PROBLEM TO WORK ON:
Print verbatim the opening line of the material and every subsequent line through the one containing "Κατά τη διάρκεια".

┌─ AVAILABLE DATA

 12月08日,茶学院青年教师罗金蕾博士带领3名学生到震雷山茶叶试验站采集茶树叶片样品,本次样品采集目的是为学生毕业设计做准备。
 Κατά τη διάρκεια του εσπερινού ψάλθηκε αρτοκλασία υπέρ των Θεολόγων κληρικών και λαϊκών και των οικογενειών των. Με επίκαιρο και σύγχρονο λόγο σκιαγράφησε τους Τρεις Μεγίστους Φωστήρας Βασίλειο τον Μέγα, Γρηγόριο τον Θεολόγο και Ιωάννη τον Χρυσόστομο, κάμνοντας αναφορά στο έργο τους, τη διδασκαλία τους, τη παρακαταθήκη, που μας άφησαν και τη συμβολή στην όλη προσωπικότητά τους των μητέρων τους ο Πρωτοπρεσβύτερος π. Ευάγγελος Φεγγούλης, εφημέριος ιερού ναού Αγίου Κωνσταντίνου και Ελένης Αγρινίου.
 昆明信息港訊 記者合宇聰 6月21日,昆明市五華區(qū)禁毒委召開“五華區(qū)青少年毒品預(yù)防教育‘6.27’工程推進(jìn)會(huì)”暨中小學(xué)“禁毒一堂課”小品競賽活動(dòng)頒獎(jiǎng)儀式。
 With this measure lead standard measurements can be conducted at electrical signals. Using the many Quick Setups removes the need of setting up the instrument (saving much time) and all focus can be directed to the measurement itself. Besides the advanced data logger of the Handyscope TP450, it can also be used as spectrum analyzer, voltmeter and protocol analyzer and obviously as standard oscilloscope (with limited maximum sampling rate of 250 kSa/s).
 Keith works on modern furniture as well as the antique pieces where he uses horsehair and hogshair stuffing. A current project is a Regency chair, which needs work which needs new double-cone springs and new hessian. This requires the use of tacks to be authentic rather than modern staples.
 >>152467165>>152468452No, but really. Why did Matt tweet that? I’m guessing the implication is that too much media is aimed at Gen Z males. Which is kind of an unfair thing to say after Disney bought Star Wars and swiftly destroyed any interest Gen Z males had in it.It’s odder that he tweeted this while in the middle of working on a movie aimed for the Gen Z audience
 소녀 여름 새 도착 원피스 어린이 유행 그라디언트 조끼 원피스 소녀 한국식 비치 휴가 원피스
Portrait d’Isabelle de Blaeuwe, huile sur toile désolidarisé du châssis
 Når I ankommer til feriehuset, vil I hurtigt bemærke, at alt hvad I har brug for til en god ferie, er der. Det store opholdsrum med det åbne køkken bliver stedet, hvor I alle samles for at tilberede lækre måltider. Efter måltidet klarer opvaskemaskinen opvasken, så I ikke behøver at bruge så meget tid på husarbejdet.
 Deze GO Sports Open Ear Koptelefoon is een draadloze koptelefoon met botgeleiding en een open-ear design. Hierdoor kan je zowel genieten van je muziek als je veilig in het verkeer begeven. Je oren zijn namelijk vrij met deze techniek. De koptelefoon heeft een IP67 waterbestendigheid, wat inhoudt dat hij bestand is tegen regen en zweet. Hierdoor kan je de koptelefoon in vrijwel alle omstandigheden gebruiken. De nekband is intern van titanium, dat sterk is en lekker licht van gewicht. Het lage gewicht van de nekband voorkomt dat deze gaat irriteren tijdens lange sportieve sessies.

└─

EXERCISE RESPONSE:
 12月08日,茶学院青年教师罗金蕾博士带领3名学生到震雷山茶叶试验站采集茶树叶片样品,本次样品采集目的是为学生毕业设计做准备。
 Κατά τη διάρκεια του εσπερινού ψάλθηκε αρτοκλασία υπέρ των Θεολόγων κληρικών και λαϊκών και των οικογενειών των. Με επίκαιρο και σύγχρονο λόγο σκιαγράφησε τους Τρεις Μεγίστους Φωστήρας Βασίλειο τον Μέγα, Γρηγόριο τον Θεολόγο και Ιωάννη τον Χρυσόστομο, κάμνοντας αναφορά στο έργο τους, τη διδασκαλία τους, τη παρακαταθήκη, που μας άφησαν και τη συμβολή στην όλη προσωπικότητά τους των μητέρων τους ο Πρωτοπρεσβύτερος π. Ευάγγελος Φεγγούλης, εφημέριος ιερού ναού Αγίου Κωνσταντίνου και Ελένης Αγρινίου.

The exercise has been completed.